Copy each line of the data below exactly, leaving out pictures.

_ _ _ _

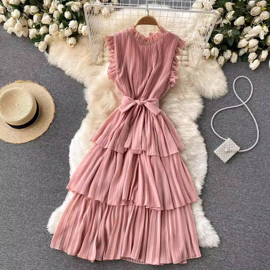 French dress for women pleats ruffled chiffon cake skirt S4667
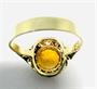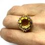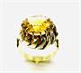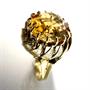 Výrazný prsten ze 14ti karátového zlata (585/1000). Šperk je osazen velkým, sytě žlutým citrínem fazetového brusu. Kámen za zasazen pomocí krapen. Váha šperku 5,98 g. Velikost 61. Prsten byl profesionálně vyleštěn. Perfektní stav.
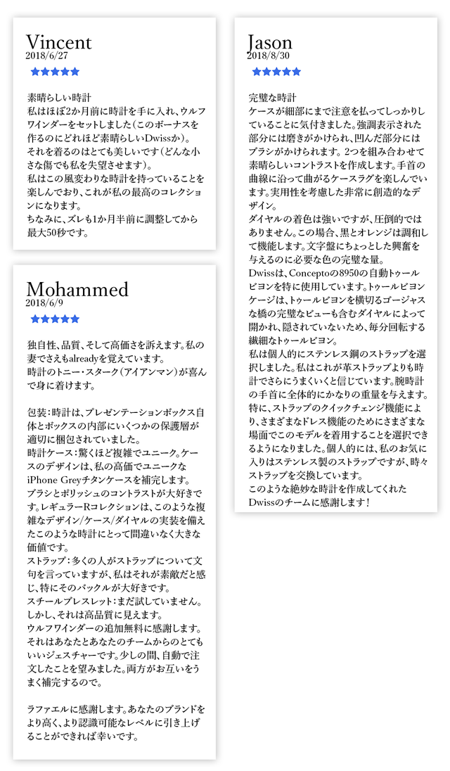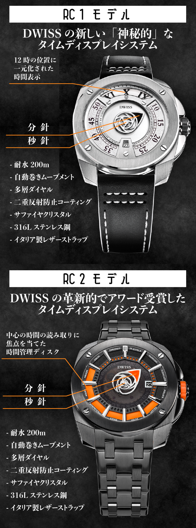 ひとつひとつがスイス製のオリジナルの限定版時計であり、独占的で革新的で受賞歴のある時刻表示システムを備えており、DWISSの署名となっています。
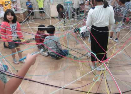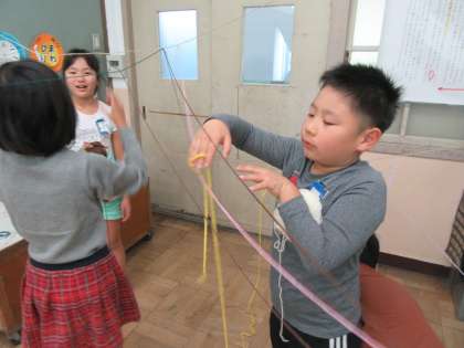 図工の学習で,ひもを工夫してつないだり,つないだひもからいろいろな形を見つける学習をしました。「三角ができた!」「雪の結晶みたいな形があったよ!」と面白い形をたくさん,見つけながらたのしんでいました。
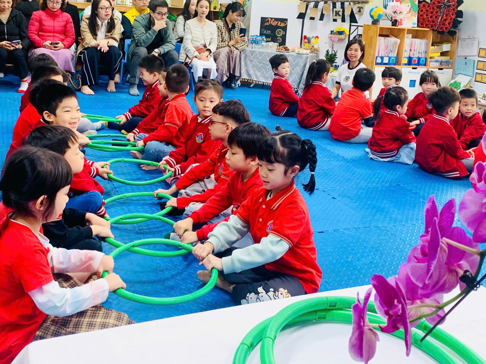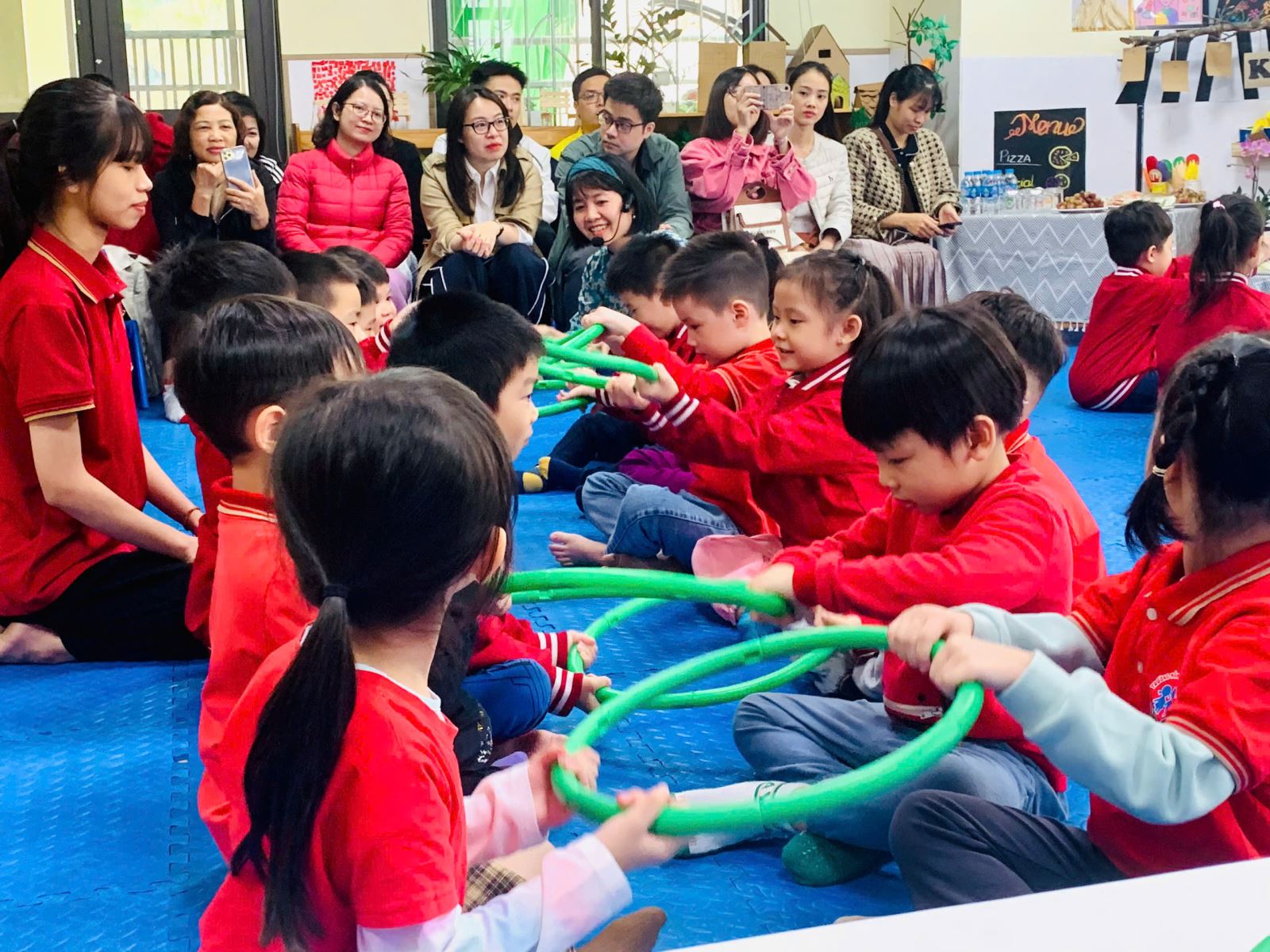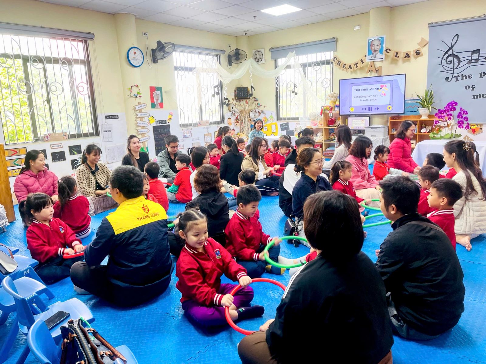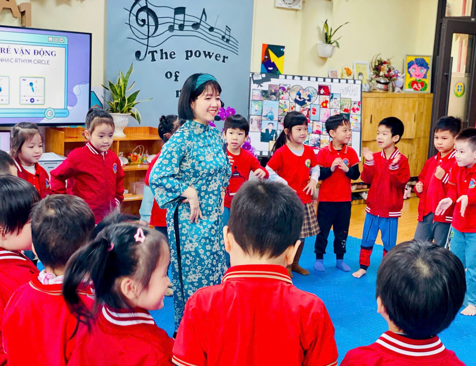 Hiểu được vai trò và tầm quan trọng của âm nhạc đối với trẻ đặc biệt trong thời kỳ hội nhập quốc tế, cô giáo Nguyễn Thùy Dung- giáo viên lớp mẫu giáo lớn A1 đã lựa chọn hoạt động âm nhạc với đề tài" Vận động theo nhạc Rthym circle" làm hoạt động kết nối cha mẹ học sinh

_ _ _ _

Result:
 French dress for women pleats ruffled chiffon cake skirt S4667
 Výrazný prsten ze 14ti karátového zlata (585/1000). Šperk je osazen velkým, sytě žlutým citrínem fazetového brusu. Kámen za zasazen pomocí krapen. Váha šperku 5,98 g. Velikost 61. Prsten byl profesionálně vyleštěn. Perfektní stav.
 ひとつひとつがスイス製のオリジナルの限定版時計であり、独占的で革新的で受賞歴のある時刻表示システムを備えており、DWISSの署名となっています。
 図工の学習で,ひもを工夫してつないだり,つないだひもからいろいろな形を見つける学習をしました。「三角ができた!」「雪の結晶みたいな形があったよ!」と面白い形をたくさん,見つけながらたのしんでいました。
 Hiểu được vai trò và tầm quan trọng của âm nhạc đối với trẻ đặc biệt trong thời kỳ hội nhập quốc tế, cô giáo Nguyễn Thùy Dung- giáo viên lớp mẫu giáo lớn A1 đã lựa chọn hoạt động âm nhạc với đề tài" Vận động theo nhạc Rthym circle" làm hoạt động kết nối cha mẹ học sinh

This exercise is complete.